- _INPUT FOR THIS TASK_:
== Segment start ==
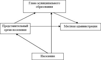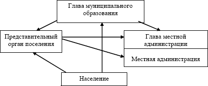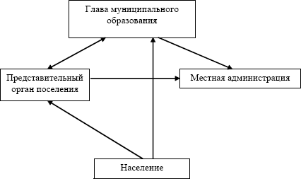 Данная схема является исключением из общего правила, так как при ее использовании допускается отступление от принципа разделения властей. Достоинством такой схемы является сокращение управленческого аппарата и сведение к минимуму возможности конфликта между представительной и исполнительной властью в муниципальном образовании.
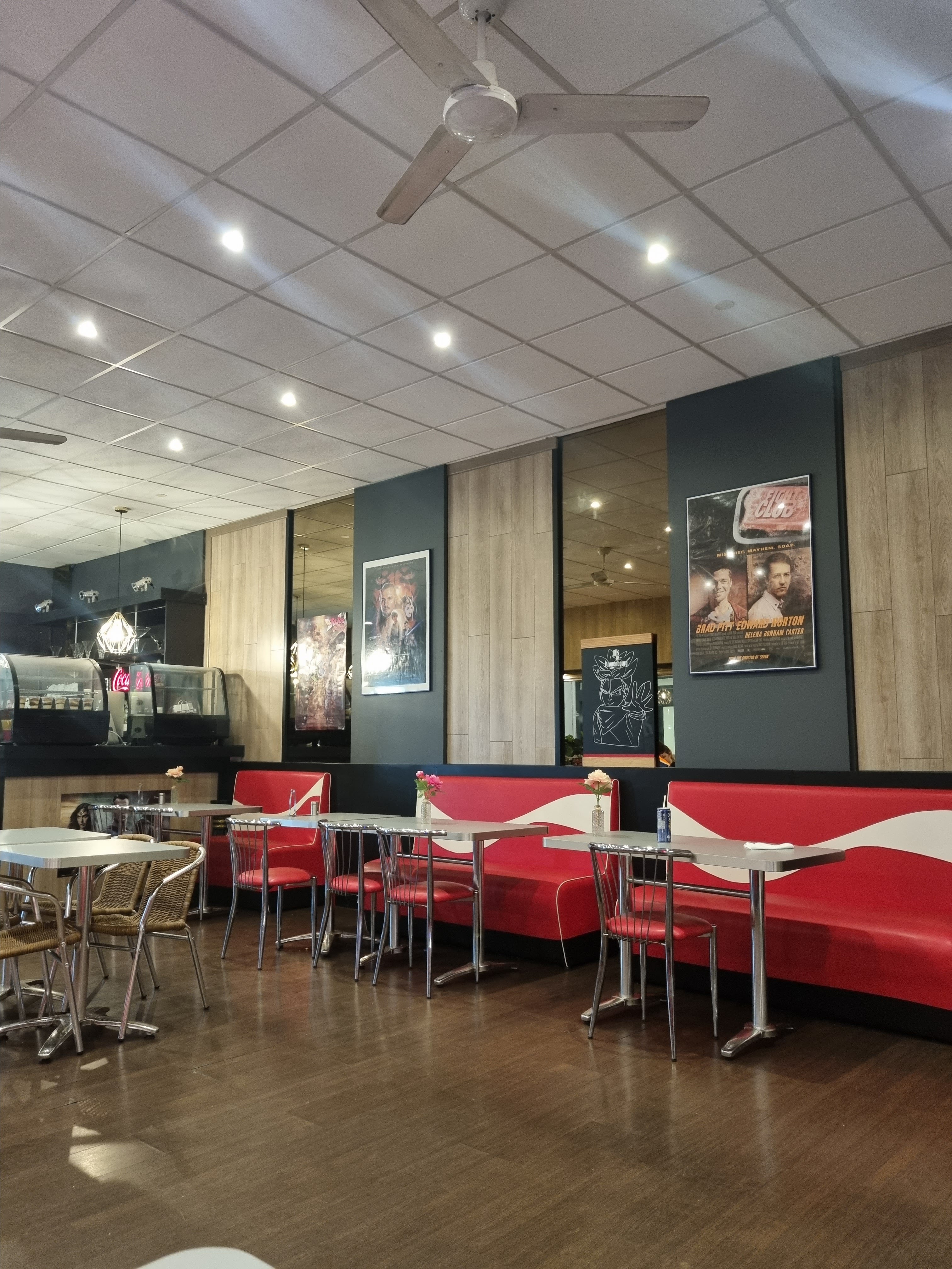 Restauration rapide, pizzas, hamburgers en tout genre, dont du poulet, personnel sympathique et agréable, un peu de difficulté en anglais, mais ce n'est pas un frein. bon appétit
== Segment end ==
== Segment start ==
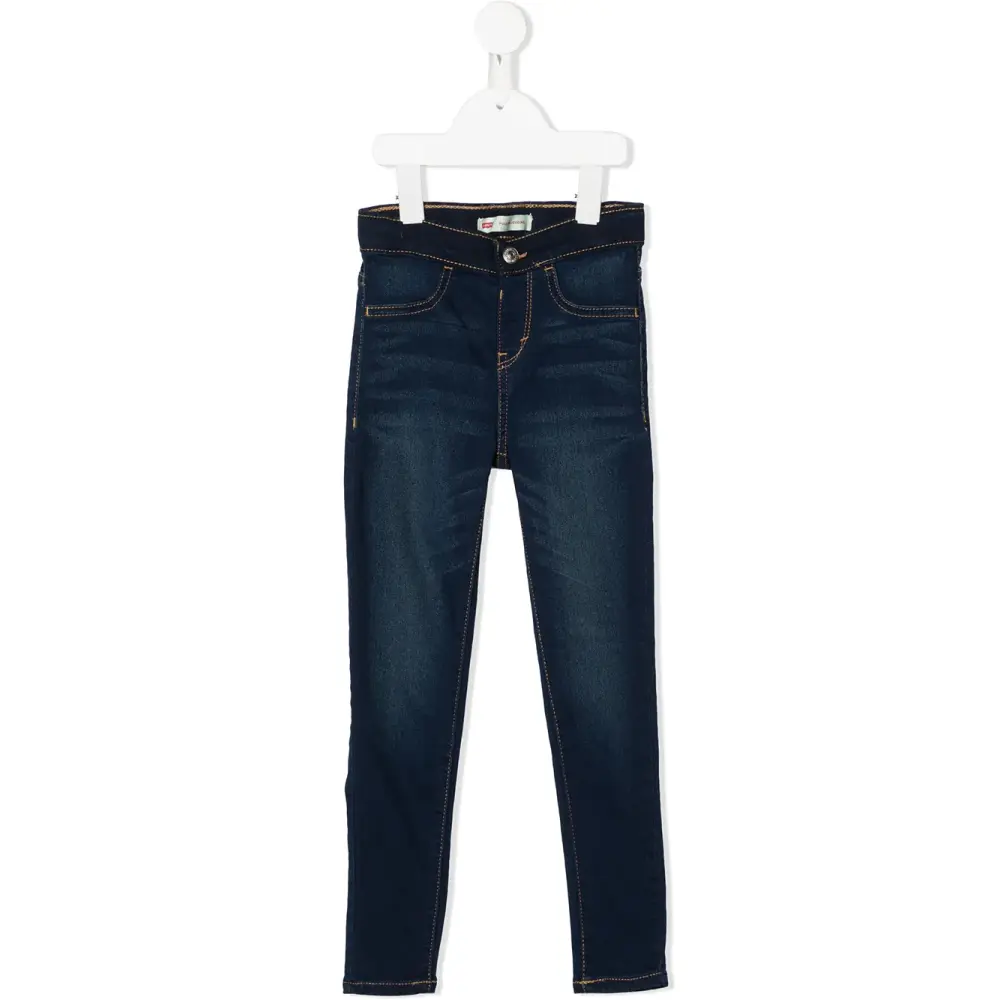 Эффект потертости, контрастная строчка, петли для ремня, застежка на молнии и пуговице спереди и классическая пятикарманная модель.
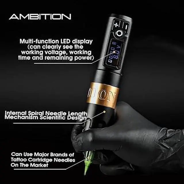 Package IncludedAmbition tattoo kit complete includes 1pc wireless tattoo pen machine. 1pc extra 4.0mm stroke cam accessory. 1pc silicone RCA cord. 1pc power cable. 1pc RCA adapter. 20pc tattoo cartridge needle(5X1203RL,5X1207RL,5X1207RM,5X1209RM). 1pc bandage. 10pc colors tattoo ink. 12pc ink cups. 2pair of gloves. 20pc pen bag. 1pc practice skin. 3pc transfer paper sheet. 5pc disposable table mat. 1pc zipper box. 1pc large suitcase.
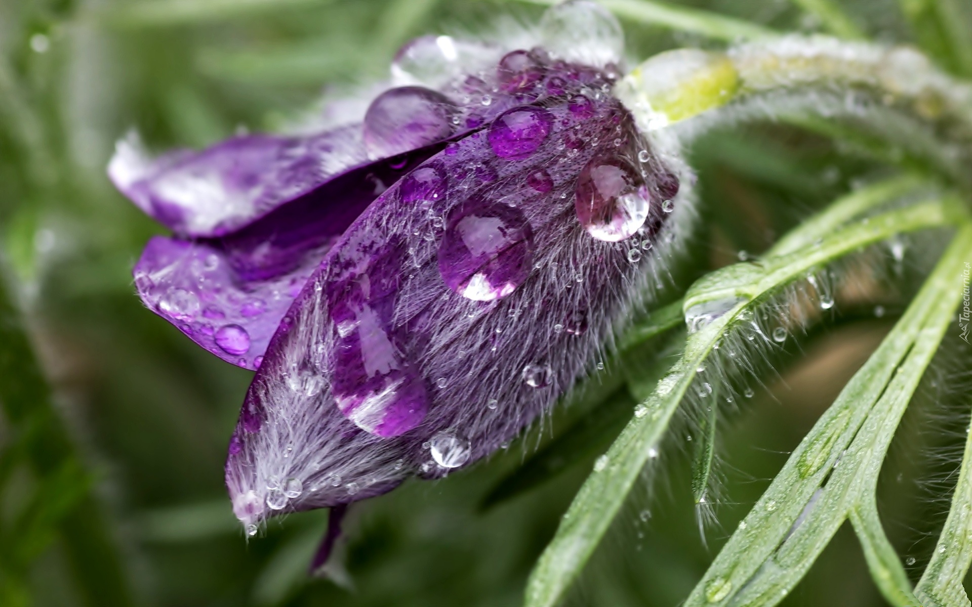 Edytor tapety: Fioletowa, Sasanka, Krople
== Segment end ==
- _EXERCISE DETAILS_: The answer must be the part of the records that opens with the line containing "Данная схема является" and closes with the line containing "Restauration rapide, pizzas, hamburgers", reproduced exactly, with no pictures.

- _RESULT FOR THIS TASK_:
 Данная схема является исключением из общего правила, так как при ее использовании допускается отступление от принципа разделения властей. Достоинством такой схемы является сокращение управленческого аппарата и сведение к минимуму возможности конфликта между представительной и исполнительной властью в муниципальном образовании.
 Restauration rapide, pizzas, hamburgers en tout genre, dont du poulet, personnel sympathique et agréable, un peu de difficulté en anglais, mais ce n'est pas un frein. bon appétit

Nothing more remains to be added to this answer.